Please transcribe only the lines from the one holding "Plangebied vanuit het" through the final line of the data, both included, with no pictures.

***** DATA UNDER STUDY

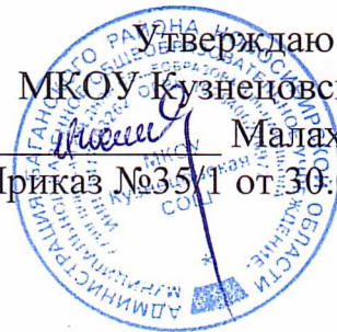
График питания обучающихся в школьной СТОЛОВОЙ
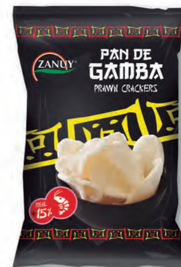
Pan de Gamba 50 g

Nuestro Pan de Gamba Zanuy es tu elección. Este snack es ideal para consumir sólo o también como acompañamiento. ¡Siempre con un sabor exótico del que no te arrepentirás!
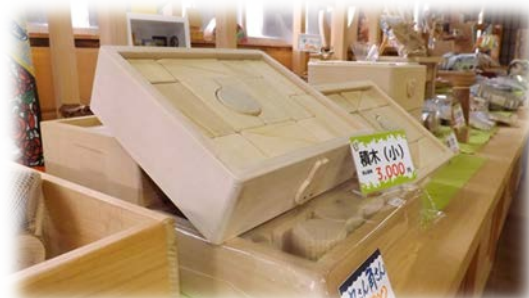
ヒバ加工品展示販売ブース
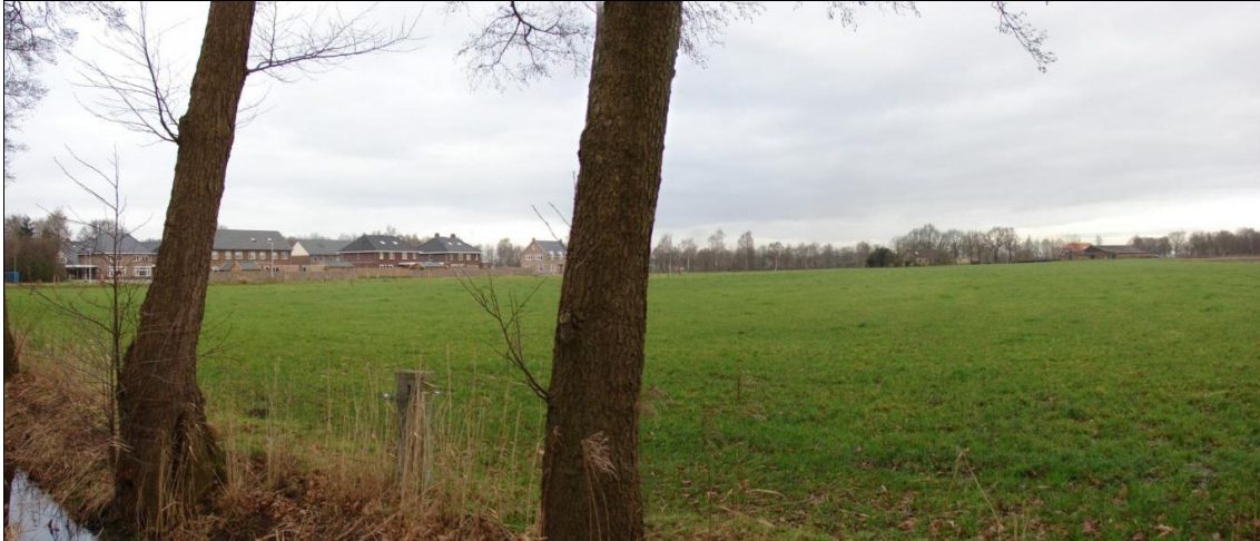
Plangebied vanuit het zuidoosten met op de achtergrond het in fase 1 ontwikkelde gebied
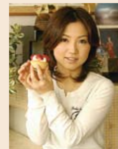
イチゴタルト美味しかったですよ。
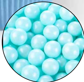
Suiker Parels Blauw Code: ED 25680C

MM: Ø 10 1000 gram - Suiker GLUTEN VRIJ € 13,95
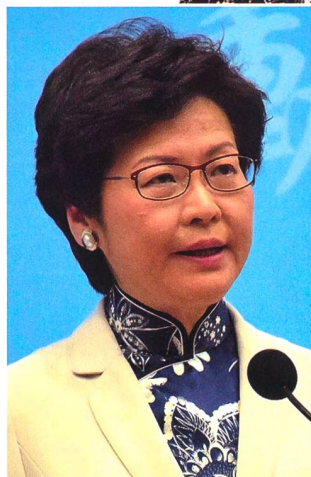
Carrie Lam, bisherige Chief Executive Sonderverwaltungszone Hongkong.

für ungültig erklärt. Peking musste dann zurücksrudern. 2003 wurde die Hongkong-Regierung dann von der chinesischen Staatsführung
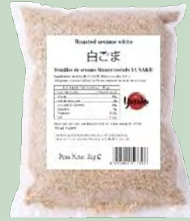
SESAMO TOSTADO YUSAKU 1KG
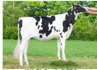
K&L BL Candle P RDC
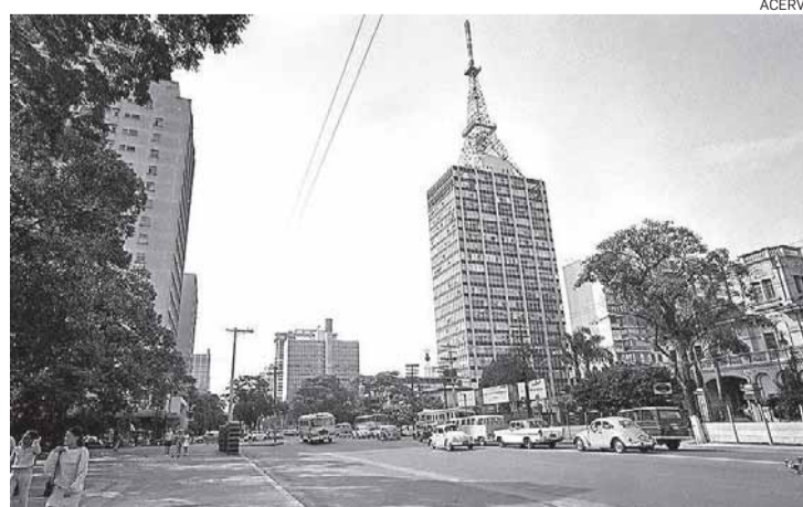
Registro. Avenida Paulista em 1969, antes da reforma

As obras na avenida começaram em 1972. Uma das primeiras mudanças foi o corte de cerca de 120 ipês que ainda mantinham o ar bucólico, junto com seus casarões, que dividiam espaço com os prédios. A avenida também perdeu o espelho d'água que ficava na frente do Parque Trianon.
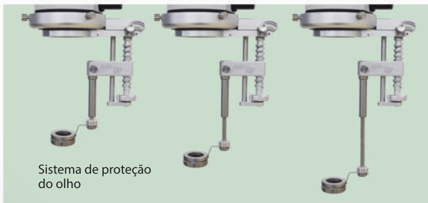
Sistema de proteção do olho

**********

■ WORKED SOLUTION
Plangebied vanuit het zuidoosten met op de achtergrond het in fase 1 ontwikkelde gebied
イチゴタルト美味しかったですよ。
Suiker Parels Blauw Code: ED 25680C

MM: Ø 10 1000 gram - Suiker GLUTEN VRIJ € 13,95
Carrie Lam, bisherige Chief Executive Sonderverwaltungszone Hongkong.

für ungültig erklärt. Peking musste dann zurücksrudern. 2003 wurde die Hongkong-Regierung dann von der chinesischen Staatsführung
SESAMO TOSTADO YUSAKU 1KG
K&L BL Candle P RDC
Registro. Avenida Paulista em 1969, antes da reforma

As obras na avenida começaram em 1972. Uma das primeiras mudanças foi o corte de cerca de 120 ipês que ainda mantinham o ar bucólico, junto com seus casarões, que dividiam espaço com os prédios. A avenida também perdeu o espelho d'água que ficava na frente do Parque Trianon.
Sistema de proteção do olho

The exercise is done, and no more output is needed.